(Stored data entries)
>>

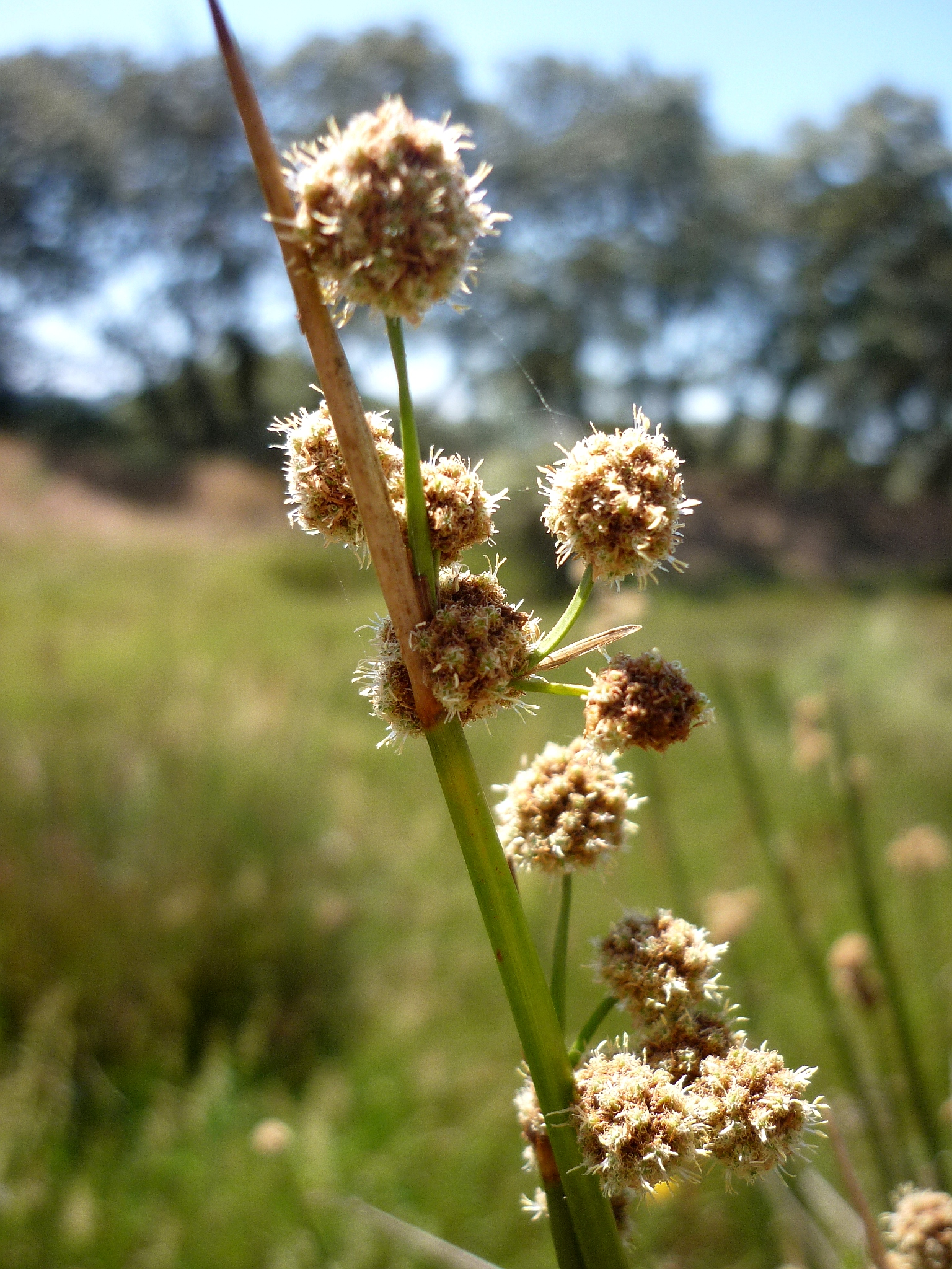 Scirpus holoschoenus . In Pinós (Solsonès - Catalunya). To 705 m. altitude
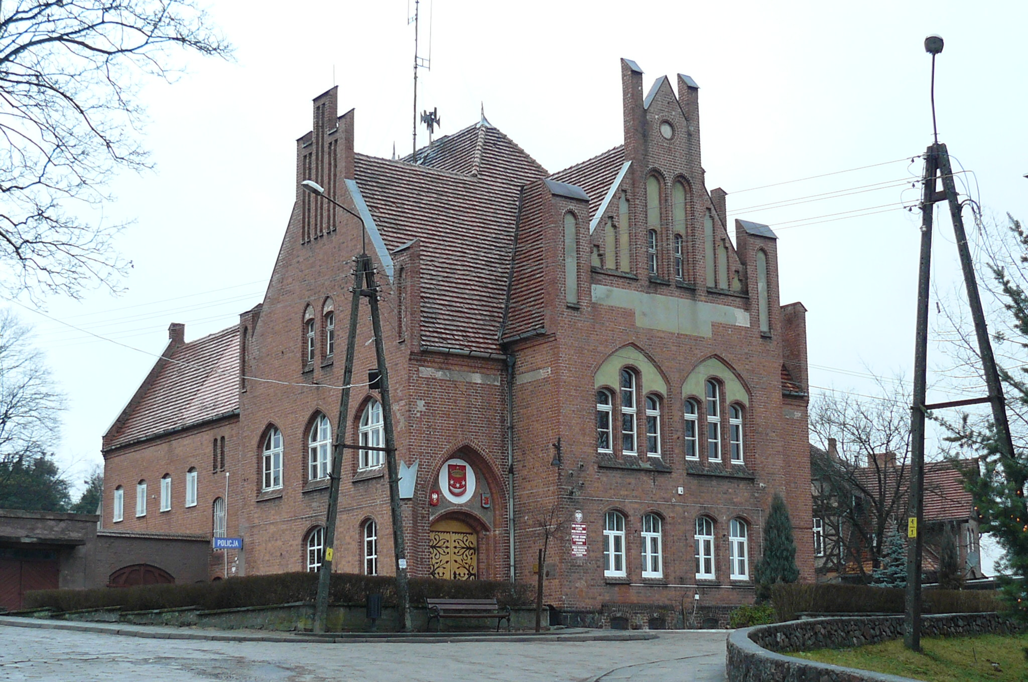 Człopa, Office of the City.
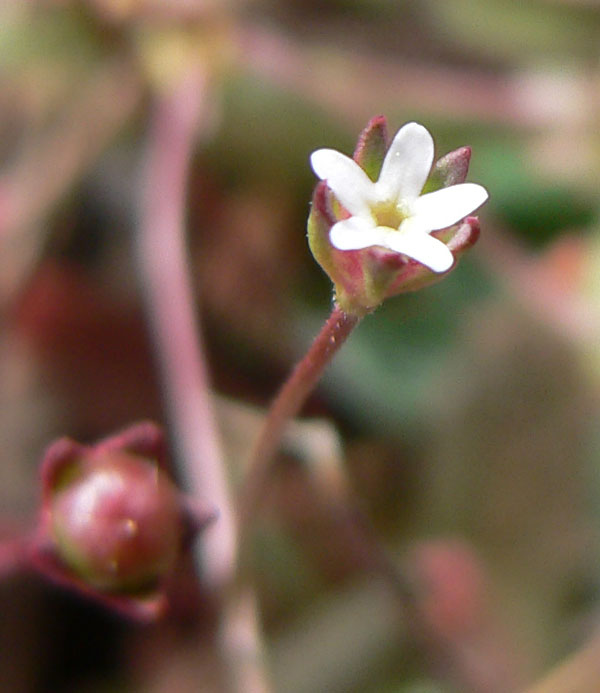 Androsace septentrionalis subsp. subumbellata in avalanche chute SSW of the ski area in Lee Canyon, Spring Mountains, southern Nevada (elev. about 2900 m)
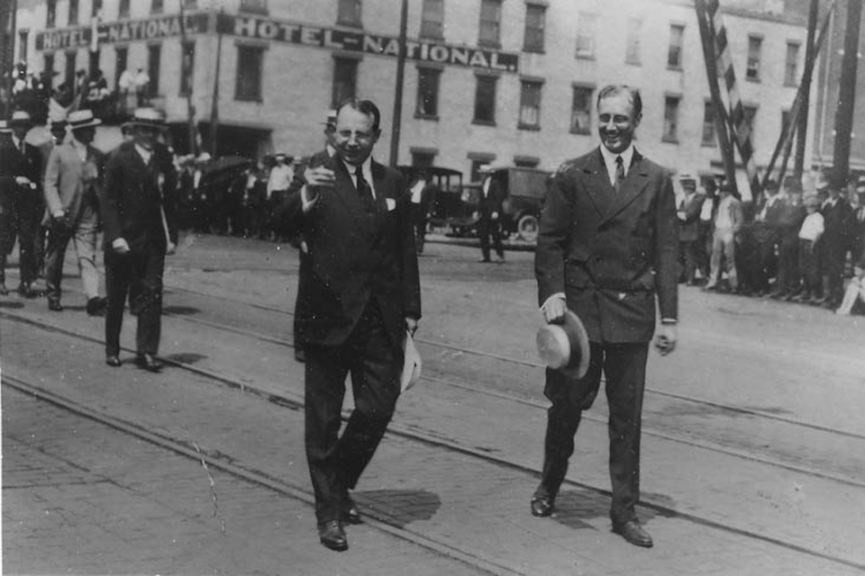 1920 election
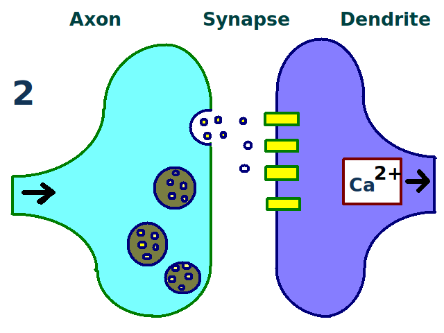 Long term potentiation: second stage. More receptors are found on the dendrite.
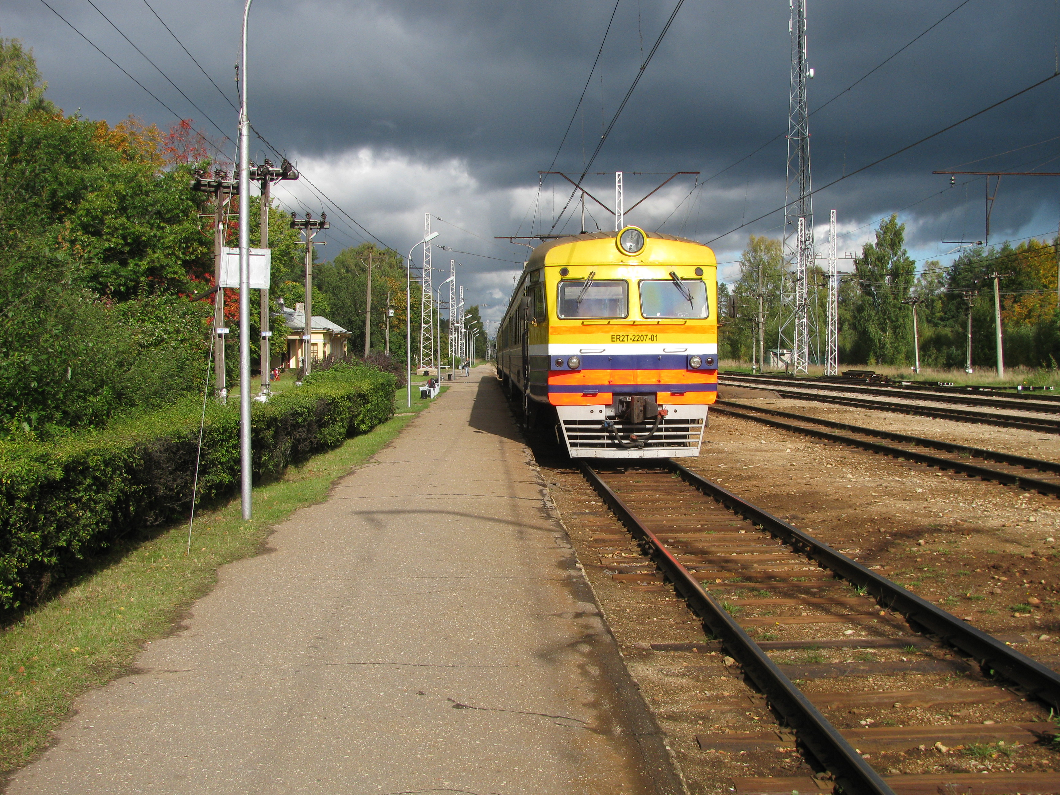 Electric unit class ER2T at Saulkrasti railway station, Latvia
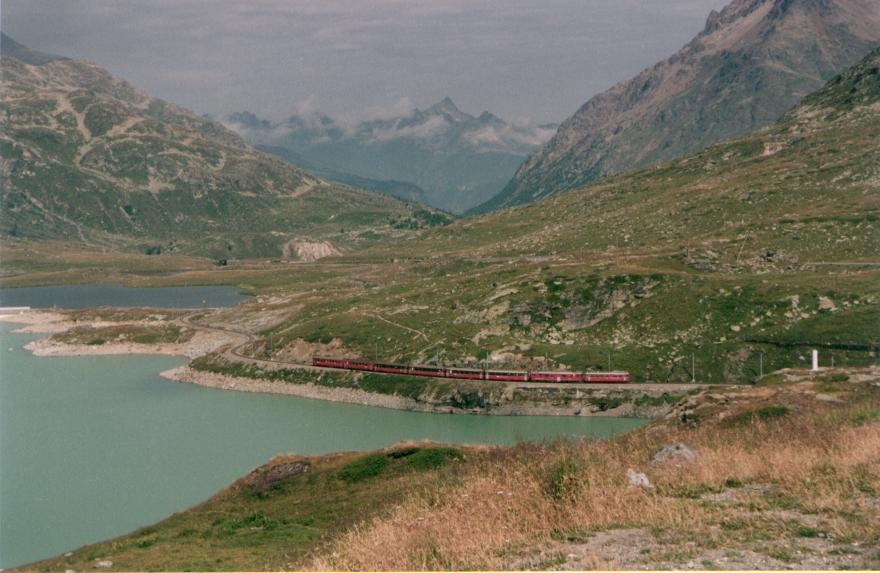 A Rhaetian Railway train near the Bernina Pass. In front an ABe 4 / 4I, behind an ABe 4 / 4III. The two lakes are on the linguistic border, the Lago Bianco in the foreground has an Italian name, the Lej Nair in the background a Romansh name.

<<

Exactly as they appear, repeat the lines from the one containing "1920 election" through the last line of the entries, counting both ends. Pictures stay out.

■ **Result for this task**
 1920 election
 Long term potentiation: second stage. More receptors are found on the dendrite.
 Electric unit class ER2T at Saulkrasti railway station, Latvia
 A Rhaetian Railway train near the Bernina Pass. In front an ABe 4 / 4I, behind an ABe 4 / 4III. The two lakes are on the linguistic border, the Lago Bianco in the foreground has an Italian name, the Lej Nair in the background a Romansh name.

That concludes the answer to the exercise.